One Equal World

Why We Care About Swing States

Posted on: November 24, 2012

Every election season, we hear about presidential candidates struggling to win over swing states, or purple states. There is a varying number of swing states depending on the individual election cycle. This year, depending on which source you trusted, there were between nine and twelve swing states.

 

Our system of using Electoral College votes to elect our president and vice president is what makes swing states so important. All states have a certain amount of Electoral College votes to give away, a number directly proportional to population.
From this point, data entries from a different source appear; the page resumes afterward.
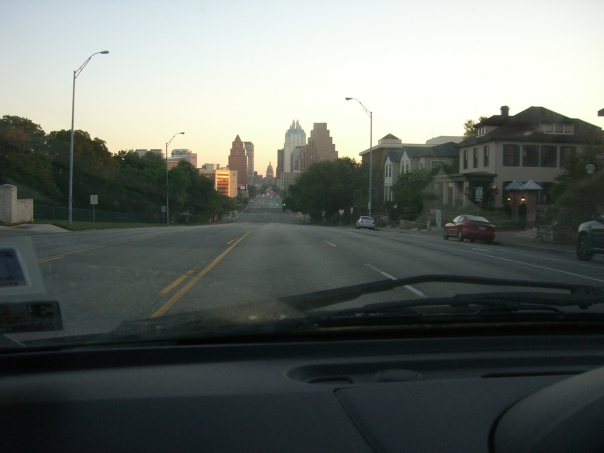 Through the windshield of a car, view of a street and some tall buildings in the distance around sunset. Trees and some houses off to the sides.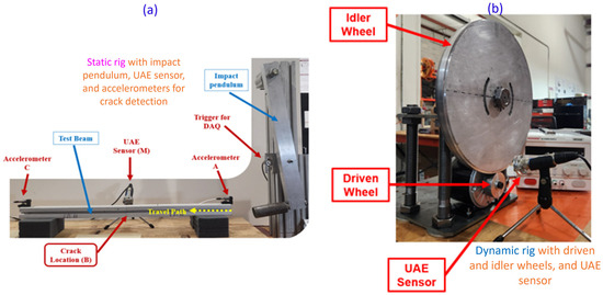 Laboratory setups for Phase I feasibility testing, showing the static impact rig with a test beam (a) and the dynamic rotating rig with an engineered-fault wheel (b).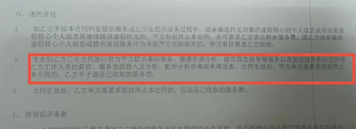 3月1日上午,阮经理带来了合同。华女士说,合同上有“半年内介绍4个相亲对象”即完成服务,还有“双方同意本合同金额的30%为提供婚姻介绍服务的基础费”等内容。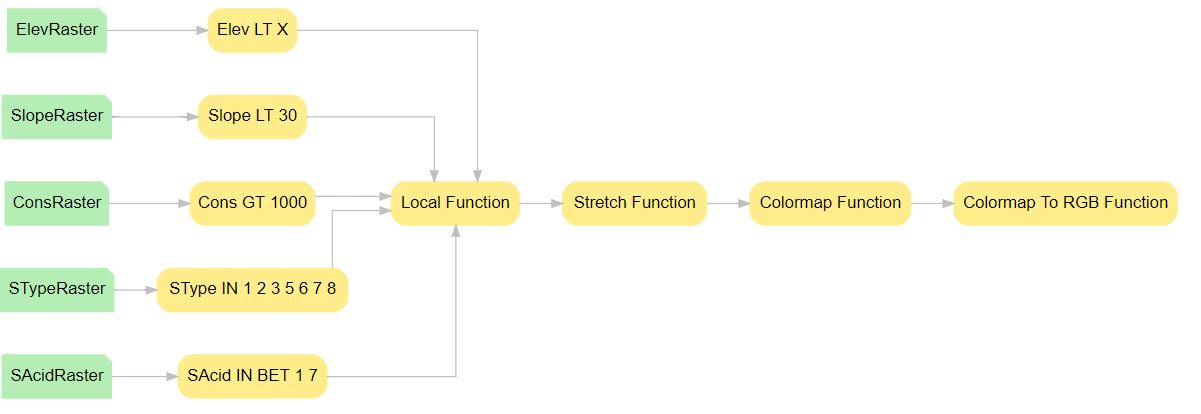 Based on these criteria, a raster function template was created using ArcGIS Pro. You can acquire the RFT using the following item.
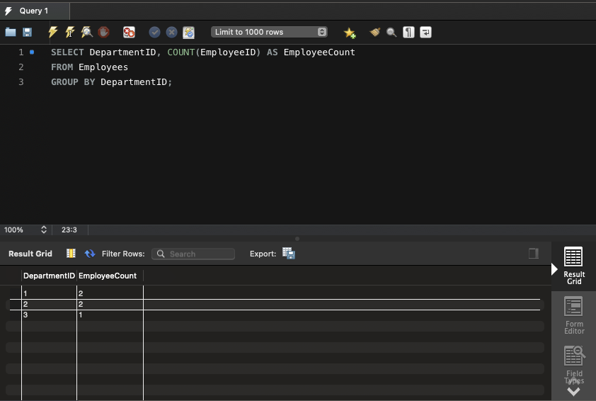 SELECT DepartmentID, COUNT(EmployeeID) AS EmployeeCount
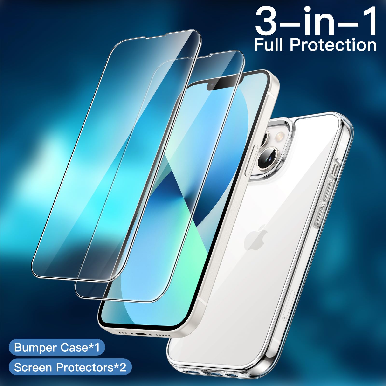 [3-in-1 High Protection] Tailor-made for iPhone 13 6.1-inch. You will receive a protective clear case and 2 pack tempered glass screen protectors, bringing comprehensive protection to your device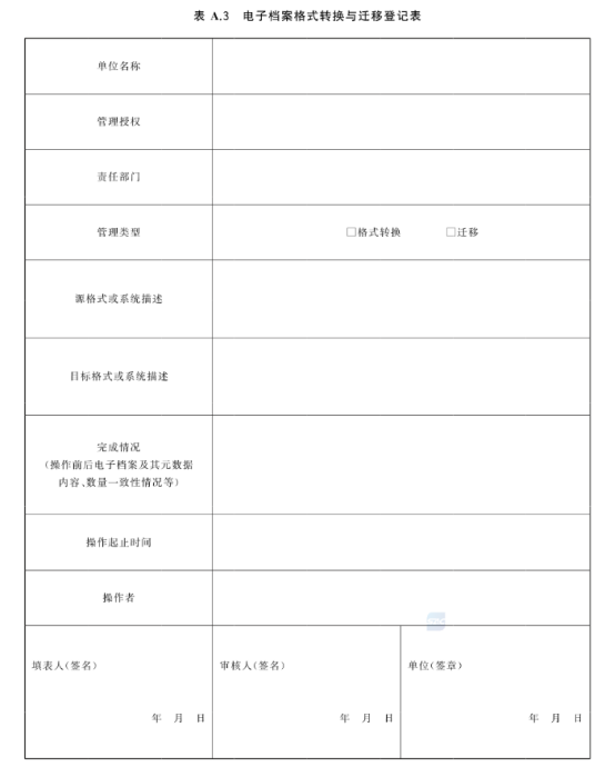 10.2.5 電子檔案及其元數(shù)據(jù)庫的轉(zhuǎn)換、遷移活動應(yīng)記錄于電子檔案管理過程元數(shù)據(jù)中,并填寫電子檔案格式轉(zhuǎn)換與遷移登記表(見表 A.3)。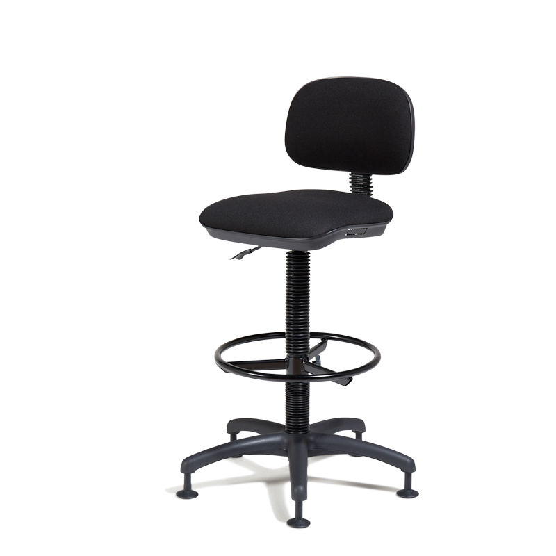 Arbetsstol Potos. En stabil höj- och sänkbar arbetsstol klädd i tyg med enkel och funktionell mekanism. Stolen levereras med glidfot och fotring.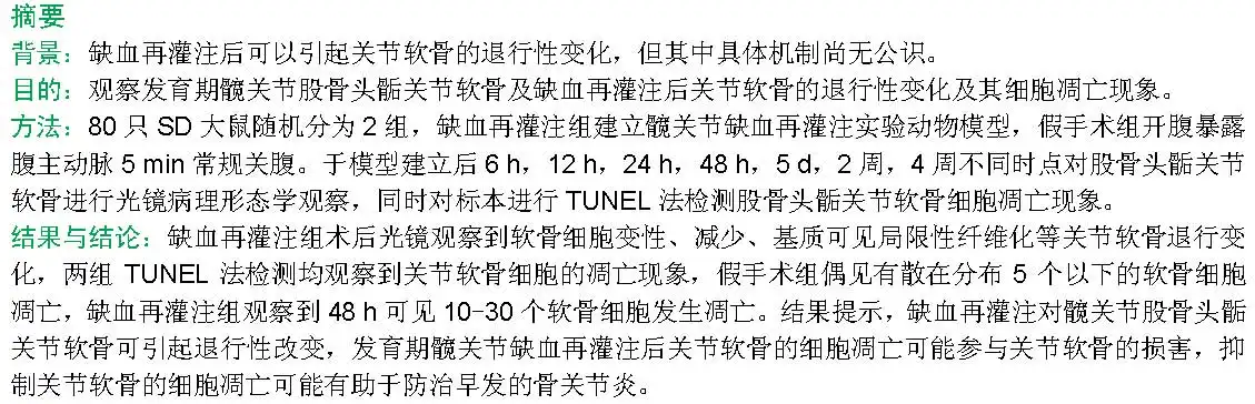 SymbolDoes ischemia/reperfusion impact apoptosis of articular chondrocyte in the femoral head epiphyses

The candidate who receives the most votes gets all the electoral votes in that state (except in Maine and Nebraska, who use a proportional vote system).

 

The number of electoral votes needed to win an election is 270. Some states are so strongly Republican or Democratic year after year that often no amount of campaigning will change who wins those votes. Essentially, the swing states represent undecided states that could go either way in an election. That is why so much campaigning is directed at them.

 

In fact, in 2000, the outcome of the election rested on Florida’s decision, which was extremely controversial due to its lateness, near tie, and subsequent recounts. Florida’s final vote tally did not come in until the morning after the election this year, which was somewhat reminiscent of the 2000 Election. Kendall Coffey, a Miami attorney believes that similar controversy was averted this year because President Obama won the Ohio vote.

 

Ohio and Florida have been key states in the past two presidential elections, since they have so many electoral votes to award to a candidate. Ohio has 18 electoral votes while Florida has 29. Winning over one or both states could mean the difference between winning and losing the election.